Sometimes being right sucks.
A couple of times over the past six months I made the prediction that my guild in WOW would not make it to the end of the current raid, Castle Nathria. We are a middle of the road guild and only raid six hours a week, the combination of which limits our ability to kill stuff. In previous tiers there were gradual power gain systems that kept the guild on an upward track, but this expansion those systems didn't exist. As such we ended up killing 7 of 10 bosses on the highest difficulty level and then packing it in until the next tier of content arrives.
I was pretty sure exactly this thing would happen. I think a lot of the folks in the guild are disappointed, but you can tell when things are going downhill and you have to accept that it is coming. We had been dying to boss #7 for several weeks and we were pulling in random people from the group finder or lower tier people in the guild just to get enough bodies to raid. Combine that with a lot of the core people feeling burnt out and anyone could see that we couldn't continue. The guild leader told us we had one more week of attempts and then we would quit, but just before our time ran out we finally killed it.
Everyone breathed a sigh of relief that we didn't have to give up in despair after 170 wipes, and mostly everyone logged off and isn't coming back until new stuff is out.
I am entirely okay with this. For me raiding is about community and striving against a challenge, not so much about killing any particular boss.
Still, this outlines a real challenge in game design for Blizzard. People complain a lot about gradual power gain systems that rely on players constantly doing activities in game to keep up with them. They don't like the idea that they *have* to keep doing stuff to maintain maximum player power. Plus many of the top players complain that Blizzard lets the casuals (like me) kill stuff by handing out power increases instead of just saying 'git gud nub'.
On the other hand, players love gradually improving their results. Let the players beat everything on day 1 and the players will be upset and leave - make it so they can't beat anything and they will quit that game too. Set it up so that they slowly improve enough to defeat things that formerly were impossible, and you have an experience that people will stick with forever.
It does seem kind of odd that people would feel so good about challenges becoming consistently easier to surmount so that they can get past them without any self improvement, but that does seem to be the way it works.
As far as I can tell the next tier of content is going to be the same as this one. There will be many challenges, and we will get better gear to help us overcome them, but there will not be any big, important gradual power increases outside of that. It seems likely to me that my guild will be in the same place six months from now - most of the way through the new content, but burnout, frustration, and lack of skill will prevent us from finishing it up.
I don't care much if we kill the final boss or not. No big deal to me.

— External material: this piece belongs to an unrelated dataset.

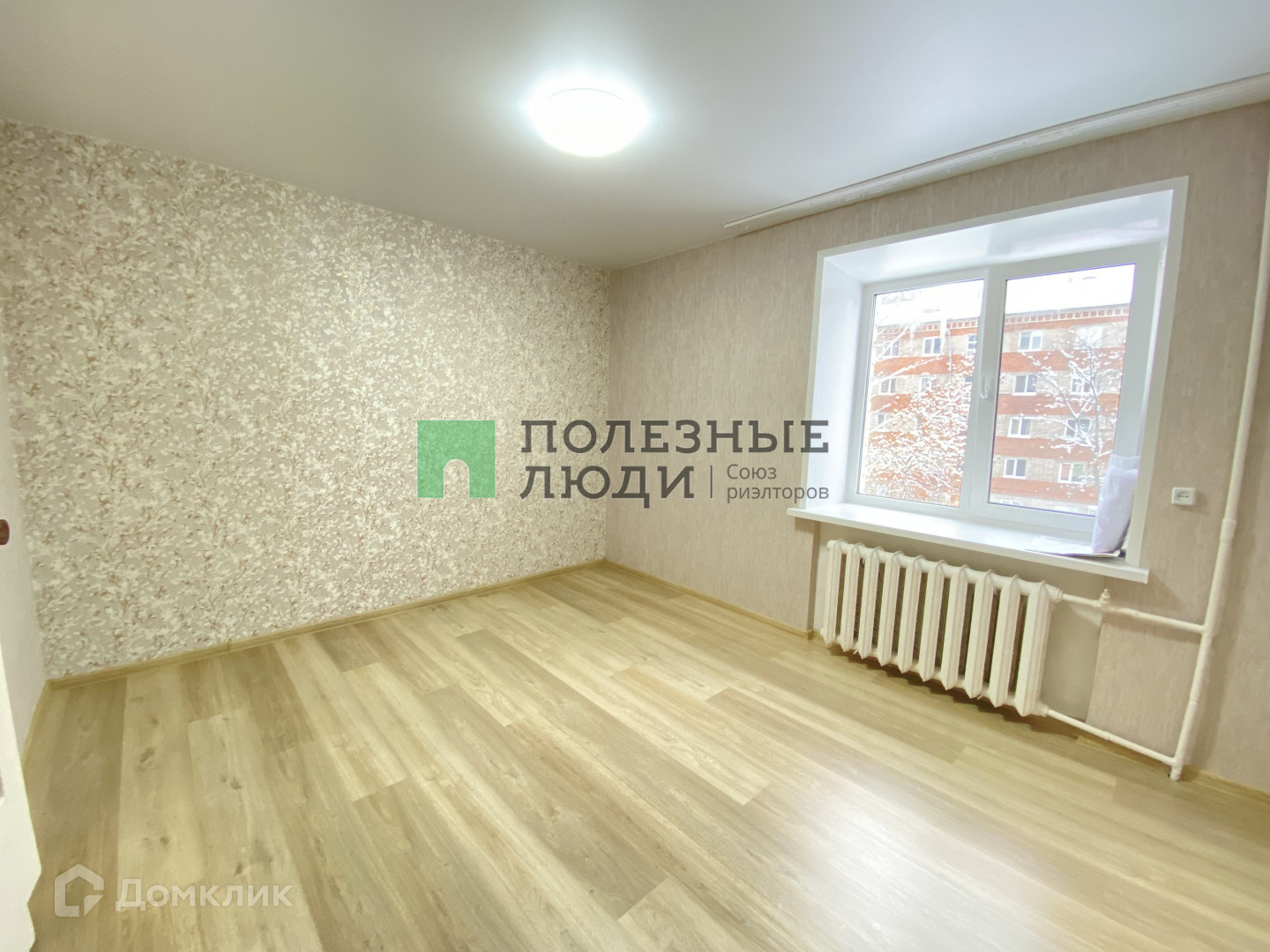 на полу ламинат, натяжной потолок

What is a big deal is culture. I like these people, both socially and as people to play a game with. Each guild has different ways of talking, different jokes that are okay, and different levels of dedication. Finding a place that matches you in these regards is far more important than any boss kill, to me. After all, nobody ever got happy by killing one more boss. They do get happy by finding a peer group that brings them joy though, and this is what I found with this group.
And heck, maybe they will surprise me with greater skill and success than before.